## PROBLEM STATEMENT
Please repeat, from the entries that follow, the lines from the one containing "牛证街货重货区在19800-19899区" through the one containing "Торговые рекомендации по" exactly, adding nothing.

## RECORDS FOR THE TASK
◆ ◆ ◆ ◆ ◆ ◆ ◆
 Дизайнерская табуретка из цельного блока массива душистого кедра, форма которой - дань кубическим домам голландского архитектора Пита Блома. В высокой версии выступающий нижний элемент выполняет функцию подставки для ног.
◆ ◆ ◆ ◆ ◆ ◆ ◆
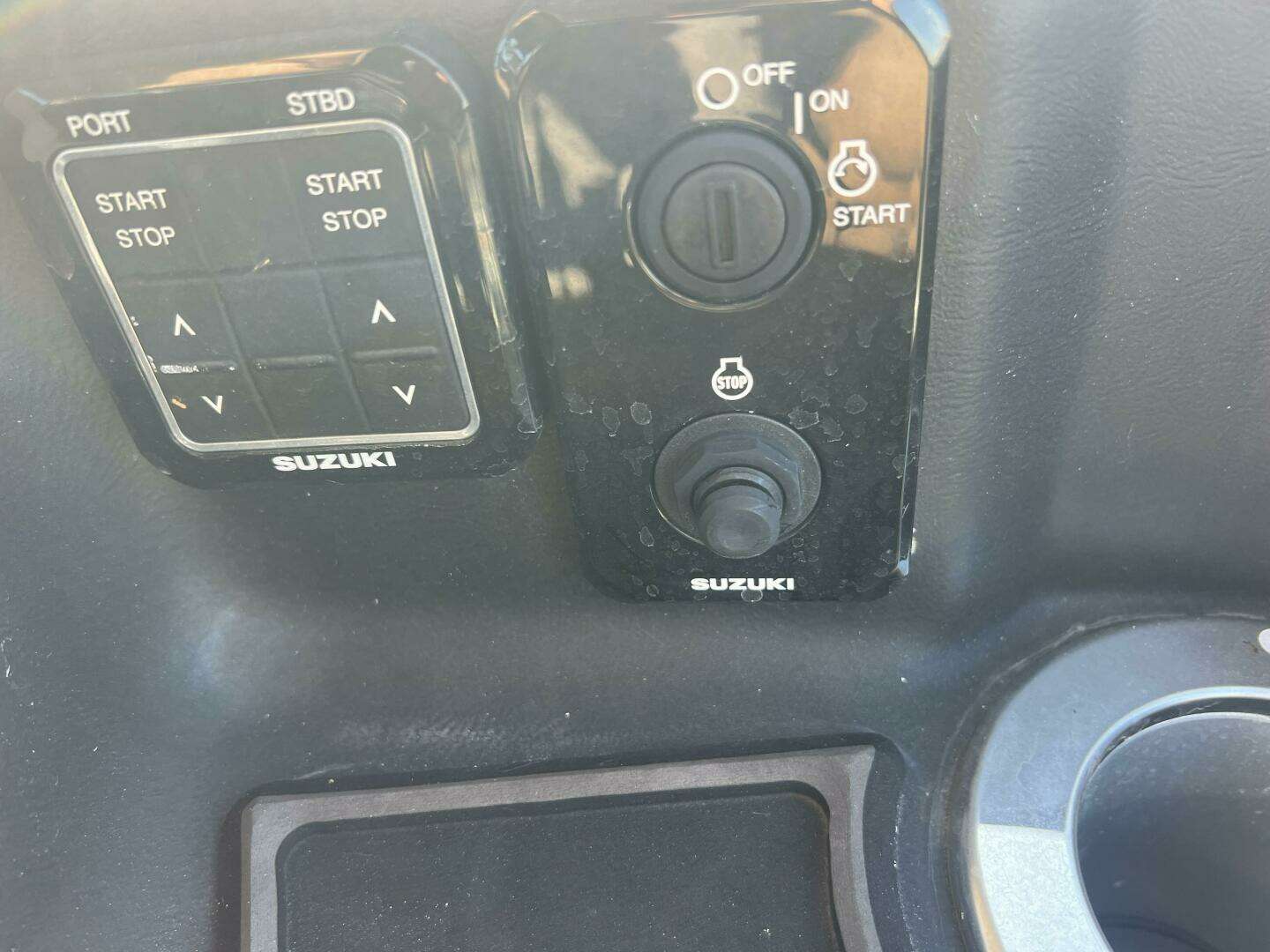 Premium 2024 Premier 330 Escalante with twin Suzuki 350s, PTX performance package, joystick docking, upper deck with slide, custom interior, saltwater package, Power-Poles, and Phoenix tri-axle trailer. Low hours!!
◆ ◆ ◆ ◆ ◆ ◆ ◆
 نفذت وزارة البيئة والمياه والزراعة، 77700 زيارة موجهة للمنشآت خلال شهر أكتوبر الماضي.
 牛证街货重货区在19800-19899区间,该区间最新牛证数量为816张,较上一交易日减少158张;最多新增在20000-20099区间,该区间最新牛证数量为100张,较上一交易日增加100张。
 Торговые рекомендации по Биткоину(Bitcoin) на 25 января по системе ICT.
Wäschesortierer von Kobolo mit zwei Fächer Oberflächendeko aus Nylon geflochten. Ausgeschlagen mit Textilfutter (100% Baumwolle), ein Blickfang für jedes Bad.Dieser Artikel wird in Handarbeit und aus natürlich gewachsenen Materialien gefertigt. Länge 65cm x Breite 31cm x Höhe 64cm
◆ ◆ ◆ ◆ ◆ ◆ ◆
## TASK SOLUTION
 牛证街货重货区在19800-19899区间,该区间最新牛证数量为816张,较上一交易日减少158张;最多新增在20000-20099区间,该区间最新牛证数量为100张,较上一交易日增加100张。
 Торговые рекомендации по Биткоину(Bitcoin) на 25 января по системе ICT.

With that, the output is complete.